REQUIRED ACTION
Please print, exactly, only the lines in the entries below from the line that has "マージ系のゲームながら戦略性" through the line that has "उन्होंने विभिन्न प्रतियोगिताओं". Pictures don't go in.

RECORDS SHOWN
# # # # # # #

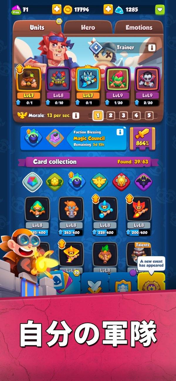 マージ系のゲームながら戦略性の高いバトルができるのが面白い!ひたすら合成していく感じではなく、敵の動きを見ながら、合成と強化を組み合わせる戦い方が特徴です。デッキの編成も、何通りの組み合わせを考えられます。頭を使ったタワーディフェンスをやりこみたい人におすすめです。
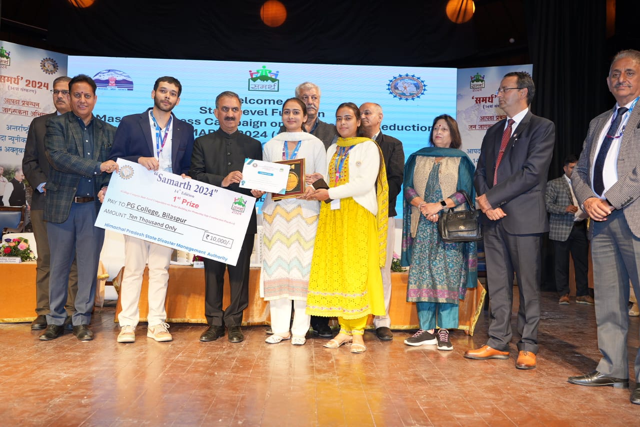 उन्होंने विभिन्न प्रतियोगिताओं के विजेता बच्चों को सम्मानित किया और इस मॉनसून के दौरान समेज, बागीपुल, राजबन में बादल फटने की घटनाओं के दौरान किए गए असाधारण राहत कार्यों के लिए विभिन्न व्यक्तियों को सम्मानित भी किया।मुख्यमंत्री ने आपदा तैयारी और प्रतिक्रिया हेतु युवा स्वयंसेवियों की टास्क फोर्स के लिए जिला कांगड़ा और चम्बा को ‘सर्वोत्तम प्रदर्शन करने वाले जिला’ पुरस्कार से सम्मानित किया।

# # # # # # #

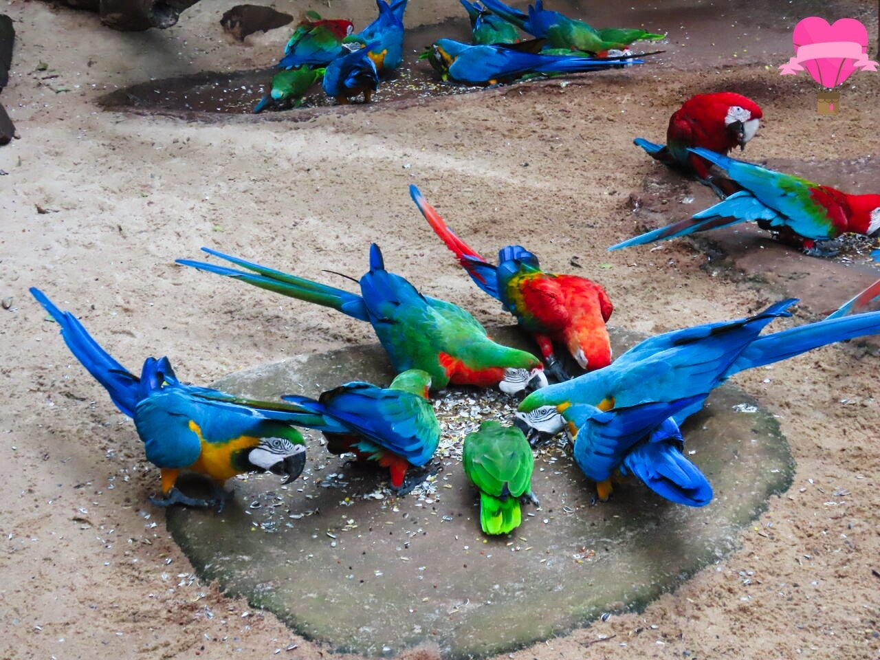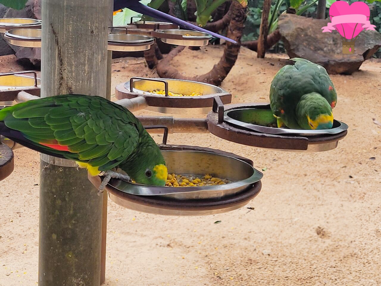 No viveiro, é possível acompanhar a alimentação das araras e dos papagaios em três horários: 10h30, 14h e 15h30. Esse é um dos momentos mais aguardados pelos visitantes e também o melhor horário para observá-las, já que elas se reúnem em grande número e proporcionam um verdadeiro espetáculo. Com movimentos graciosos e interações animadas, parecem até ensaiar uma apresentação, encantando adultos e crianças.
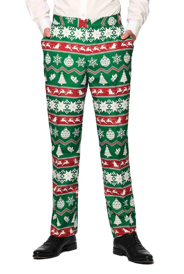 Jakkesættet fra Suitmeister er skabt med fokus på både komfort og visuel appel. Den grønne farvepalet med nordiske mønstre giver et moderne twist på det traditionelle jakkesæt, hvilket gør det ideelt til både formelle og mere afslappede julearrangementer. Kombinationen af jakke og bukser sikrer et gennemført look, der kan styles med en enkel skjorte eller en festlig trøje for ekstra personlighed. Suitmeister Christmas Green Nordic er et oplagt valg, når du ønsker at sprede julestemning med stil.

# # # # # # #

ANSWER FOR THE TASK
 マージ系のゲームながら戦略性の高いバトルができるのが面白い!ひたすら合成していく感じではなく、敵の動きを見ながら、合成と強化を組み合わせる戦い方が特徴です。デッキの編成も、何通りの組み合わせを考えられます。頭を使ったタワーディフェンスをやりこみたい人におすすめです。
 उन्होंने विभिन्न प्रतियोगिताओं के विजेता बच्चों को सम्मानित किया और इस मॉनसून के दौरान समेज, बागीपुल, राजबन में बादल फटने की घटनाओं के दौरान किए गए असाधारण राहत कार्यों के लिए विभिन्न व्यक्तियों को सम्मानित भी किया।मुख्यमंत्री ने आपदा तैयारी और प्रतिक्रिया हेतु युवा स्वयंसेवियों की टास्क फोर्स के लिए जिला कांगड़ा और चम्बा को ‘सर्वोत्तम प्रदर्शन करने वाले जिला’ पुरस्कार से सम्मानित किया।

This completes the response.